COMMONWEALTH OF PENNSYLVANIA,

Appellee,

v.

MUMIA ABU-JAMAL a.k.a. Wesley Cook,

Appellant.

______________________________________

No. 119 Cap. App. Dkt. 1995

APPELLANT MUMIA ABU-JAMAL'S APPLICATION FOR RELIEF IN THE FORM OF A REMAND TO TAKE ADDITIONAL TESTIMONY

Appellant Mumia Abu-Jamal ("Jamal") respectfully applies for relief in the form of a remand to the Court of Common Pleas for the purpose of taking the additional testimony of Veronica Jones, a newly-available witness, in support of his Amended Petition for Post-Conviction Relief. Jones will provide powerful new evidence that days before she took the stand as a defense eyewitness at the 1982 trial, Philadelphia police detectives had visited her in jail, where she faced major felony armed robbery charges, and threatened and coerced her to change her testimony. Bowing to this police intimidation, Jones changed her testimony at trial by repudiating her true eyewitness statement that she saw two men flee the scene immediately after the shooting, thus seriously undermining Jamal's defense.

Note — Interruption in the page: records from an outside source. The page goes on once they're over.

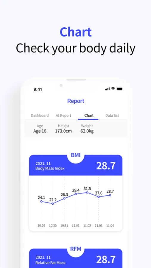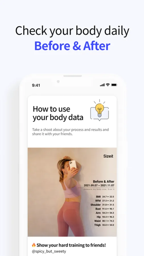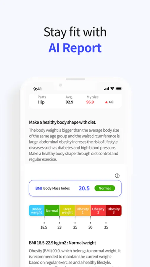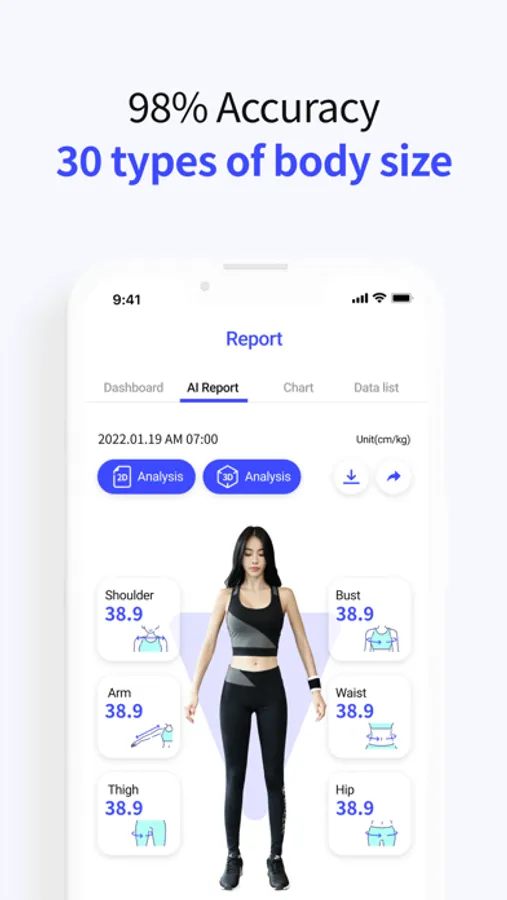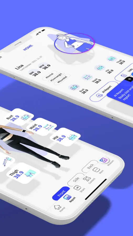 In simple 3 steps, you can measure 30 different parts of your body size. It helps your shopping and exercise.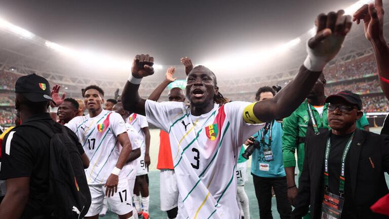 L'équipe de Guinée Conakry célèbre sa victoire contre la Guinée équatoriale, lors de la CAN en 2023.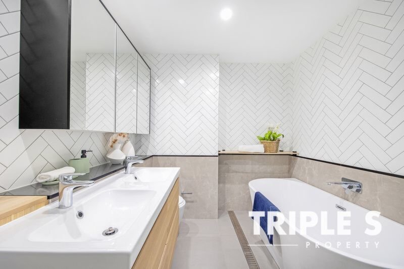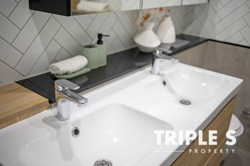 The master ensuite has been reimagined with a double vanity, offering both style and practicality. Outdoors, a custom-built deck in Ekodeck composite wood invites relaxed entertaining, complete with astroturf and integrated BBQ cabinetry that is perfect for hosting family and friends year-round.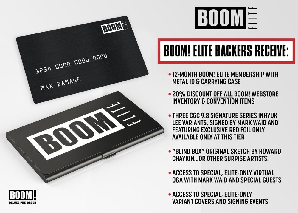 Plus: All backers at the ELITE tier will become inaugural inductees into the first class of BOOM! ELITE membership holders. In tandem with a 12-month BOOM! ELITE membership available only at the highest tier, backers will receive an exclusive metal ID card and carrying case, which can be used to redeem 20% off all BOOM! webstore inventory and convention items with no annual limit and multiple other perks – including access to exclusive, ELITE-only variant covers, special signing opportunities, and access to an exclusive online Q&A with Mark Waid and special guests. It's a small club…because there can never be more than 100 BOOM! ELITE members at any one time!

In further support of this Application for Relief, Jamal submits the attached verified statement of Veronica Jones (Exhibit 1, "Jones Ver.") and states as follows:

INTRODUCTION

Veronica Jones was called as a defense witness at Jamal's 1982 trial but surprised the defense by repudiating her initial eyewitness account that she saw two men run from the crime scene immediately after shots were fired. (Tr. 6/29/82: 99-100.) As explained in more detail below, Jones would now testify that she changed her testimony in ways harmful to the defense because she was coerced into doing so by police. At the time of Jamal's trial, Jones was under arrest on serious felony charges (including robbery, assault and weapons charges), facing a possible prison term of 10 to 15 years. Shortly before she testified as a defense witness, Philadelphia police detectives visited her in jail and promised she would be treated leniently on her pending charges if she falsely identified Jamal as the shooter. The detectives impressed on Jones that she "would face years in prison" if she did anything to help Jamal's defense.

(Jones Ver. 2.) Because of this police intimidation, Jones gave false testimony at Jamal's trial and retracted her true eyewitness account that two men fled the scene immediately after the shooting.

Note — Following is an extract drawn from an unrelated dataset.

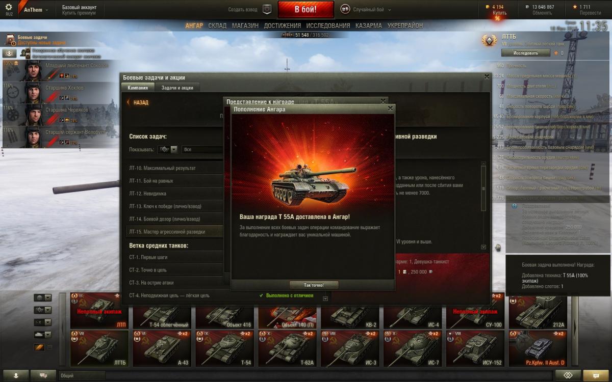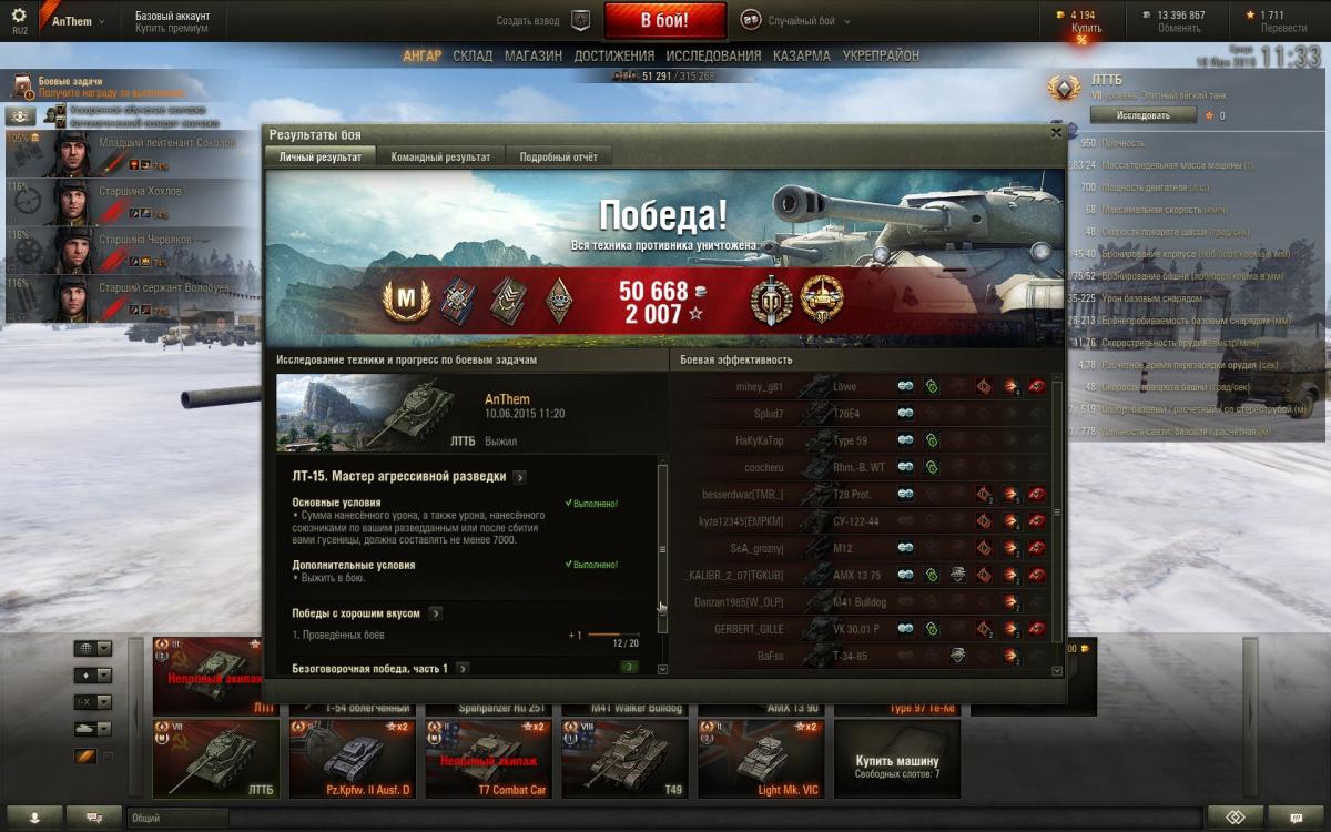 Играл 3-4 дня на 5ти ЛТ, Булька, Рушка, 13 90, Т49, ЛТТБ, дабы выполнить ЛТ-15. Были включены все режимы боя. Что нужно, не выпадало. Потом плюнул, выключил все режимы кроме основного и пошли открытые карты. Несколько раз подходил к выполнению и не хватало немного, то 500 урона, то 200. В итоге выполнил на Огненной Дуге. Но там вообще всё совпало. Я был один светляк на команду, много ПТ, а СТ заняли центр. Законтрил вражескую Рушку и по засвету начали вливать тонны урона. Но вот что я скажу, выполнить ЛТ-15 на Редшире, на Лайвоксе, куда проще чем на Малиновке и Прохоровке, потому все знают места ЛТ и уже мастерски его контрят. Только нубы сделают вид, что не знают, где ты стоишь. http://i.piccy.info/i9/e0ecd225c387dcda3482ed8db8aaee2e/1458808681/104411/1014688/shot_058_800.jpghttp://i.piccy.info/a3/2016-03-24-08-38/i9-9589214/800x500-r/i.gif

Jones' newly available testimony is critical for several reasons. Her true eyewitness account of two men fleeing provides powerful evidence of the defense claim that the shooter fled the scene. As explained below, the prosecution case was premised on the claim that only two people -- Jamal and his brother William Cook -- were at the scene with P.O. Faulkner when Faulkner was shot. Contrary to the prosecution claim, several witnesses told police that one or more men had been at the scene and fled. Yet only one witness, Dessie Hightower, testified to that fact before the jury. At the 1995 PCRA hearing another witness (cabdriver Robert Chobert), who at trial had retracted his claim that he saw the shooter run away, revealed that he had received a prosecution promise to help him reinstate his suspended drivers' license. William Singletary, indisputably a witness at the scene, explained that police suppressed his statement that the shooter fled and forced him to sign a false witness statement under intense police pressure and intimidation. Dessie Hightower described how police subjected him to a grueling five hour interrogation and a polygraph test because he insisted he saw someone flee the scene. And Deborah Kordansky, who also saw someone running immediately after the shooting, could not be called as a defense witness at trial because the Commonwealth had not provided the defense her address before trial. Further, Jones' testimony supports the defense claim that similar police misconduct was used to coerce a key prosecution witness, the prostitute Cynthia White, to falsely identify Jamal as the shooter. The police intimidation of Jones thus corroborates and buttresses all Jamal's other claims of prosecutorial misconduct and witness coercion.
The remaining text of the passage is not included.